In the "news" reporting, company-affiliated products and news get extensive coverage. To the right is a banner to "support ENWorld", the *only* banner I can't minimize. I just want to see the *true* site news there - articles, reviews, posts... news from the ENWorld community, not the ENWorld buisness. "Site" news are all about what new products the site now carries. New reviews contain links to purchase from the company store. Press releases contain links to purchase only through the site.

Given all this, I seriously suggest changing the site's address to ".com". It is no longer a non-profit community, it is a company site.

I admit I don't particularly like ENWorld as a buisness. Perhaps this is why all of this is leaving a bitter taste in my mouth.


----------



## Umbran (Oct 26, 2005)

Yair said:
			
		

> ENWorld has gradually shifted over the past few years from being a fan-run news and community site to a support base for the ENWorld Store, EN Publishing, and recently - the ENGameStore. As near as I can tell, the only thing that now sets it apart from a company's website is the vibrant messageboards community leftover from its past days.

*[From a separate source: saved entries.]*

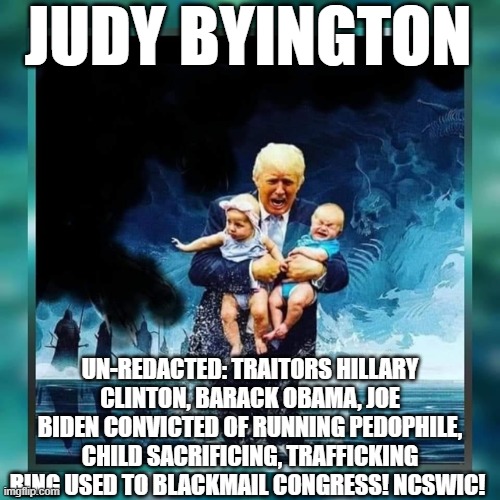 Judy Byington: Un-Redacted: Traitors Hillary Clinton, Barack Obama, Joe Biden Convicted of Running Pedophile, Child Sacrificing, Trafficking Ring Used To Blackmail Congress! (Video)
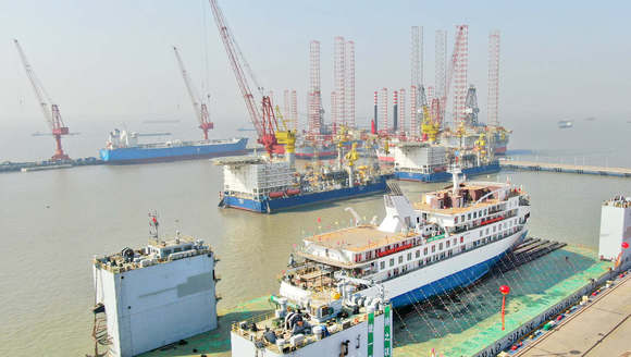 3月12日,名为“极地邮轮1号船”的首艘国产极地探险邮轮在江苏海门顺利下水。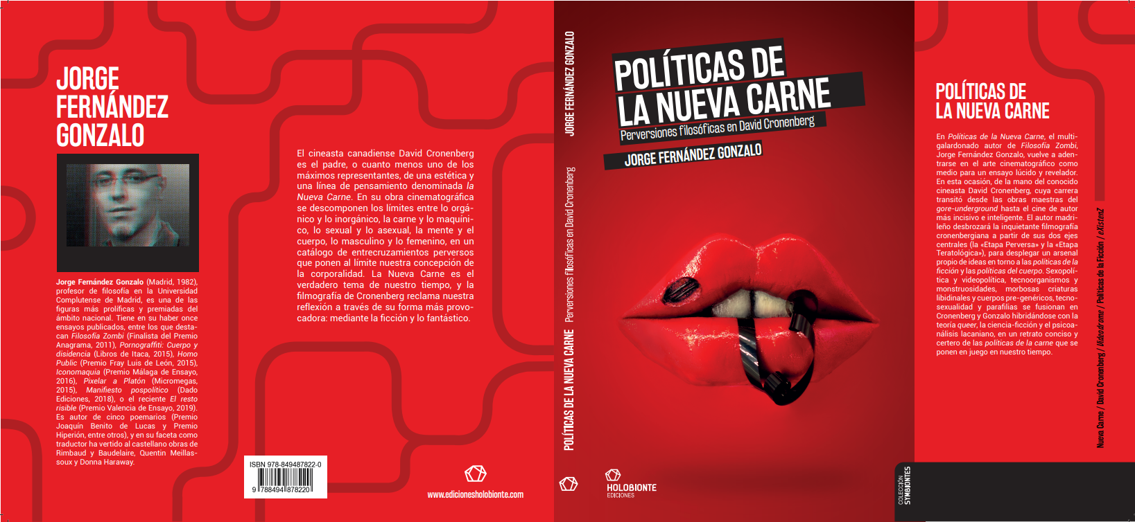 En Políticas de la Nueva Carne, el galardonado autor de Filosofía Zombi, Jorge Fernández Gonzalo, vuelve a adentrarse en el arte cinematográfico como medio para un ensayo lúcido y revelador. En esta ocasión, de la mano del conocido cineasta David Cronenberg, cuya carrera transitó desde las obras maestras del gore-underground hasta el cine de autor más incisivo e inteligente. El autor madrileño desbrozará la inquietante filmografía cronenbergiana a partir de sus dos ejes centrales (la «Etapa Perversa» y la «Etapa Teratológica»), para desplegar un arsenal propio de ideas en torno a las políticas de la ficción y las políticas del cuerpo. Sexopolítica y videopolítica, tecnoorganismos y monstruosidades, morbosas criaturas libidinales y cuerpos pre-genéricos, tecnosexualidad y parafilias se fusionan en Cronenberg y Gonzalo hibridándose con la teoría queer, la ciencia-ficción y el psicoanálisis lacaniano, en un retrato conciso y certero de las políticas de la carne que se ponen en juego en nuestro tiempo.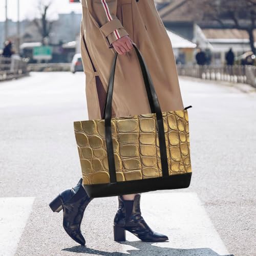 Gold Crocodile Skin Texture essentials tote bag with laptop compartment with zipper laptop travel bag for yoga with lunch bolso de trabajo para mujer 5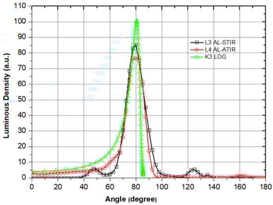 From the graph, it is noticeable that both the L3 AL–STIR and L4 AL–ATIR luminaires exhibit peak lighting intensities that are slightly lower than the peak of the ideal K3 LOG curve. This subtle deviation indicates a marginally reduced luminous intensity at the angle of maximum emission when compared to the theoretical optimum modeled by the K3 LOG curve. The inclusion of TIR elements in the luminaire designs, as indicated by the AL–STIR and AL–ATIR nomenclature, appears to have contributed to an improved luminous intensity distribution, drawing it closer to the ideal curve’s distribution.

Well, there's another thing that sets it apart - as I understand it, the owners aren't making a business of this.  A while back, Morrus tried that, and decided to stop.  He's made no announcement that he's changed that policy.  It isn't like a place with this much traffic comes cheap, and if the proceeds go to supporting the site, I see no problem.  Is it not better to have the place be self-sustaining, rather than requiring huge fund-raising drives? 



> In the "news" reporting, company-affiliated products and news get extensive coverage. To the right is a banner to "support ENWorld", the *only* banner I can't minimize. I just want to see the *true* site news there - articles, reviews, posts... news from the ENWorld community, not the ENWorld buisness.

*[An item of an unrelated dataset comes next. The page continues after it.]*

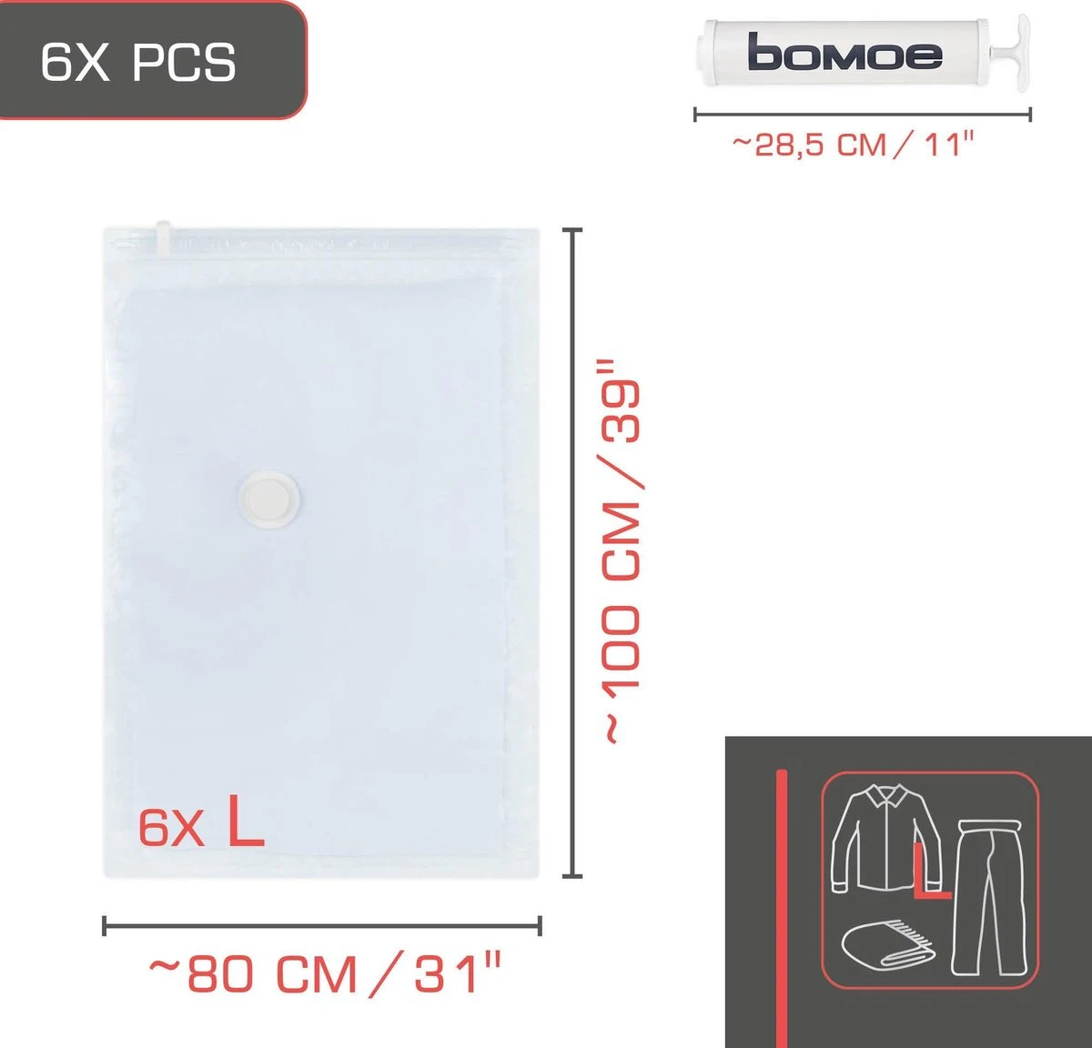 Bomoe vacuรผmzakken voor kleding en dekbedden Knippa – vacuรผmzakken kleding – herbruikbaar – 6x 80x100cm
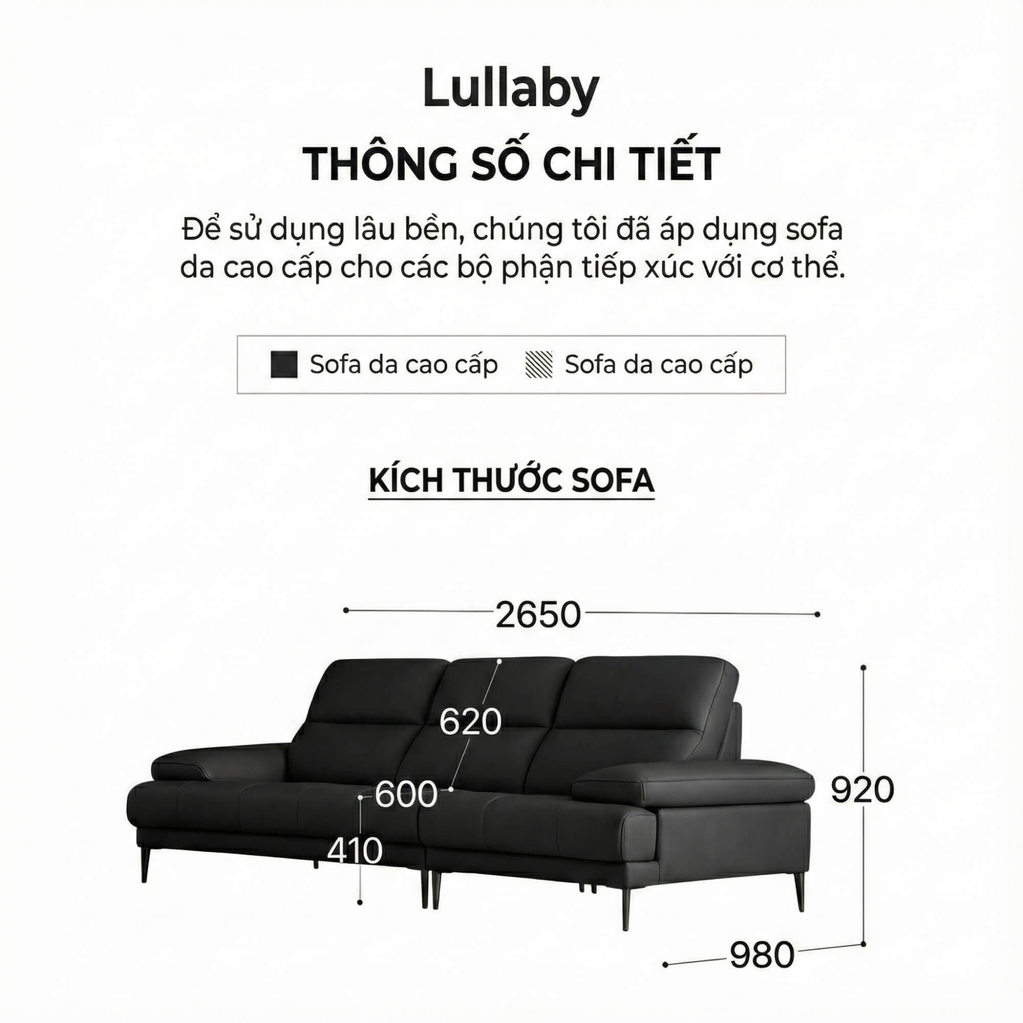 Với kích thước chiều ngang 2650mm, chiều sâu 980mm và chiều cao 920mm, sofa LULLABY được thiết kế vừa đủ lớn để tạo sự thoải mái nhưng không quá cồng kềnh. Đây là kích thước lý tưởng cho các phòng khách hiện đại, giúp tạo không gian rộng rãi và thoáng đãng.

This may be a fair complaint.  But a product is a product,.  Sure, company affiliated products get a lot of coverage.  But don't non-affiliated products also get a lot of coverage?  Do you have a measure of the affiliated products getting disproportionately more coverage? 



> "Site" news are all about what new products the site now carries. New reviews contain links to purchase from the company store. Press releases contain links to purchase only through the site.

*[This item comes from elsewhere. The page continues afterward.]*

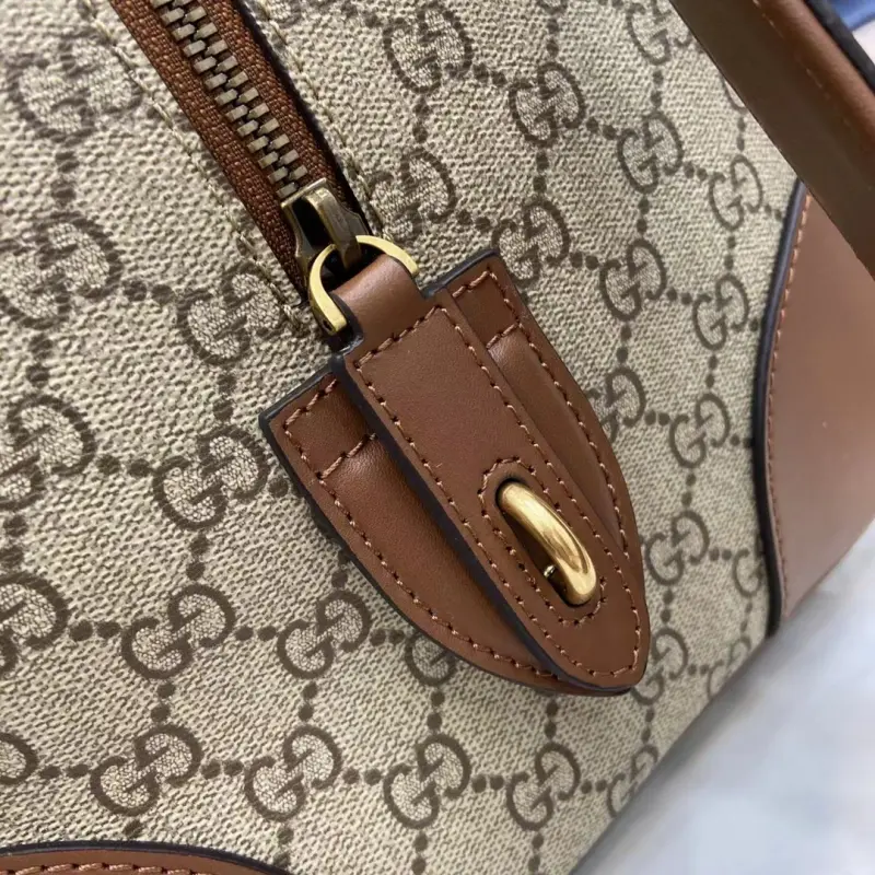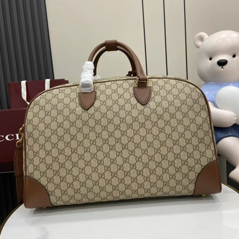 [Comes with a full set of original gift bag invoice] [New Product] The new GG Emblem series reinterprets the brand’s timeless elegance and exquisite craftsmanship. This travel bag is crafted with new beige and dark brown GG letter pattern coated fabric, with a detachable canvas shoulder strap. Beige and dark brown new GG letter pattern coated fabric Brown leather piping Cotton lining Lock and key chain Interior: 1 zipper pocket Handle: 12 cm (height) Detachable canvas shoulder strap (55 cm high); length can be adjusted between 90 cm and 143 cm Zipper closure model: 821148 Dimensions: 47 cm (width) x 31 cm (height) x 25 cm (depth) Weight: approximately 1.85 kg Color: brown glue pvc brown/original leather. Italian creation

Links are a problem?  There's a problem in making it easy for gamers to find and aquire gaming materials?



> Given all this, I seriously suggest changing the site's address to ".com". It is no longer a non-profit community, it is a company site.




Unless you can verify where the money is going, you are in no position to make that accusation.  Selling and profit are not synonymous.


----------



## Henry (Oct 26, 2005)

Actually, I thought the old ".com" ".net" ".org" classifications no longer apply, and haven't for about five years now, have they? network solutions dropped that policy, unless I was misinformed, or they don't enforce it in any way.

Morrus also no longer runs the site as a "profitable venture" - meaning it's not non-profit legally, never has been, but AFAIK he's not contributing to his income in any meaningful way with any proceeds from ENWorld the site. (Setting up a multinational non-profit organization is a very difficult thing, and unless you're collecting money for starving or homeless people, not worth the pain, btw. ) He's got a day job, same as most of us.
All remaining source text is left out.